Today’s Times leads with a story on surgical removal of lymph nodes in women with breast cancer. The dramatic digital headline, Lymph Node Study Shakes Pillar of Breast Cancer Care, made me tremble at first glance. The article by Denise Grady covers a new report* in the Journal of the American Medical Association (JAMA).

The key finding is that for women with apparently limited disease before surgery who undergo subsequent radiation and chemotherapy, taking out all the cancerous nodes from the axilla (armpit) has no advantage.

I read the original publication and took some notes:

The randomized study, carried out by the American College of Surgeons, involved 891 women with early-stage breast cancer without palpable lymph nodes in the armpit. All underwent lumpectomy and sentinel lymph node examination that was positive – meaning that pathologists observed malignant cells in a sentinel lymph node. Half of the women underwent complete axillary lymph node dissection, by removal of 10 or more lymph nodes, and half did not undergo removal of additional nodes. All of the patients received radiation therapy and the overwhelming majority (>96%) got chemotherapy. The proportions of women treated with endocrine therapy were similar between the two treatment groups.

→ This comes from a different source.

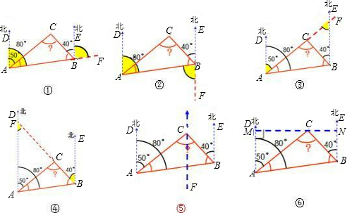 如图,C岛在A岛的北偏东50°方向,B岛在A岛的北偏东80°,C岛在B岛的北偏西40°,A、B两岛相距100km.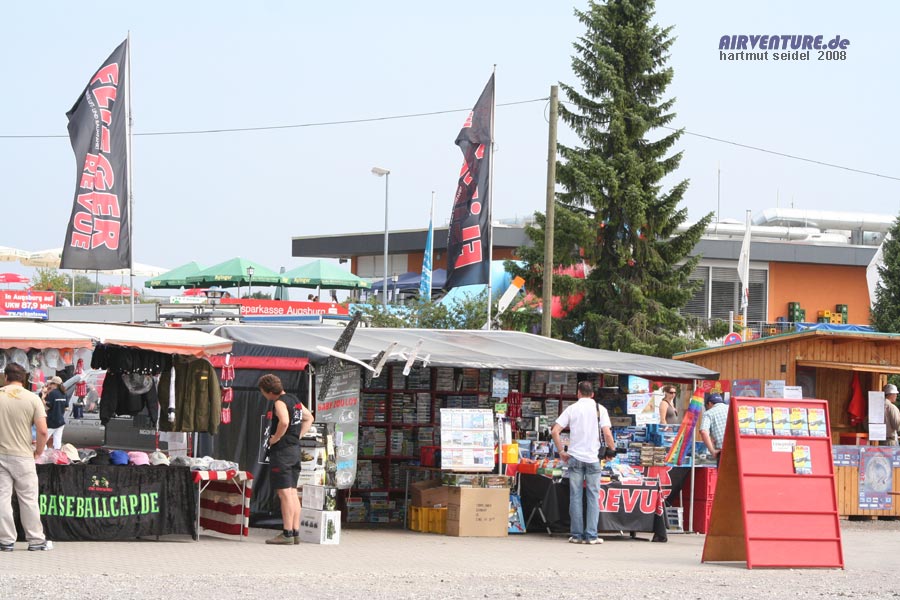 Die Augsburg Airshow 2008 war eine familienfreundliche Großveranstaltung, die zusätzlich zu dem interessanten Flugprogramm und den vielfältigen Rundflugmöglichkeiten auch noch einiges mehr geboten hat, um den luftfahrtinteressierten Besuchern einen ganztägigen schönen Aufenthalt zu ermöglichen. Hierzu gehörten natürlich auch viele Verpflegungsstände, die für das leibliche Wohl gesorgt haben, sowie auch etliche Verkaufsstände, an denen man unterschiedlichste Waren mit fliegerischem Bezug erwerben konnte. Auch Vergnügungsmöglichkeiten für Kinder gab es vor Ort. |

What the researchers found was that removing additional glands didn’t improve survival in women who had positive (involved) sentinel nodes upon lumpectomy. Survival was measured at 5 years, and the median follow-up was 6.3 years. There was no difference in overall or disease-free survival. This finding supports that for breast cancer patients who will have radiation and chemotherapy, it’s OK for surgeons to leave malignant lymph nodes in place rather than remove those by more aggressive surgery.

Why this matters:

In the majority of BC patients, the lymph nodes in the armpit are not noticeably enlarged at the time of diagnosis. But one in five will have a malignant node detected at surgery. Up until now the standard of care would include a complete axillary lymph node dissection in those women. This procedure can lead to lymphedema, a condition of chronic arm and hand swelling that can be painful and disabling. Lymphedema affects a small but significant fraction of the growing ranks of women – approaching 3 million in the U.S. – who are alive after breast cancer treatment.

According to the Times article, the new research findings could eliminate the need for axillary lymph node dissection in as many as 40,000 women in the U.S. each year: “The discovery turns standard medical practice on its head.”

I’m not so sure I’d go so far as saying that – mainly because I don’t find the results surprising. But I do think it’s a study that matters: The implications bear on costs of breast cancer care (and, yes, on the “costs” of mammography and finding BC) and should have a positive effect on the quality of life for millions of women living after breast cancer treatment. There’s the potential to reduce surgery, and its complications, for the majority of new breast cancer cases.

Why aren’t the results surprising?

Breast cancer treatment, and our understanding of breast cancer biology, has advanced steadily in the past 25 years.

Now it’s routine to give treatments – like chemotherapy, hormone modulators or antibodies like Herceptin – that target breast cancer cells where-ever they reside in the body. The whole point of adjuvant therapy is to destroy malignant cells remaining after surgery. If there are some residual lymph nodes with malignant cells in the armpit region, those would likely be destroyed by chemotherapy and other treatments, combined with radiation to the affected chest and underarm area.

What are the study’s limitations?

What’s not adequately addressed is the situation for women who undergo mastectomy and don’t get radiation, as is standard after lumpectomy.

Another limitation is the study’s relatively short follow-up, of just over 5 years. This is a valid concern in any study of BC survival, but my own opinion is that the axillary node intervention is unlikely to result in a big difference later on. That’s because in 2011 what matters most for treatment decisions, after diagnosis and initial surgery, is the nature – in terms of genetic and molecular features – of the malignant cells.

It happens the NEJM ran a relevant paper on sentinel node dissection last week; we should explore those findings, tomorrow.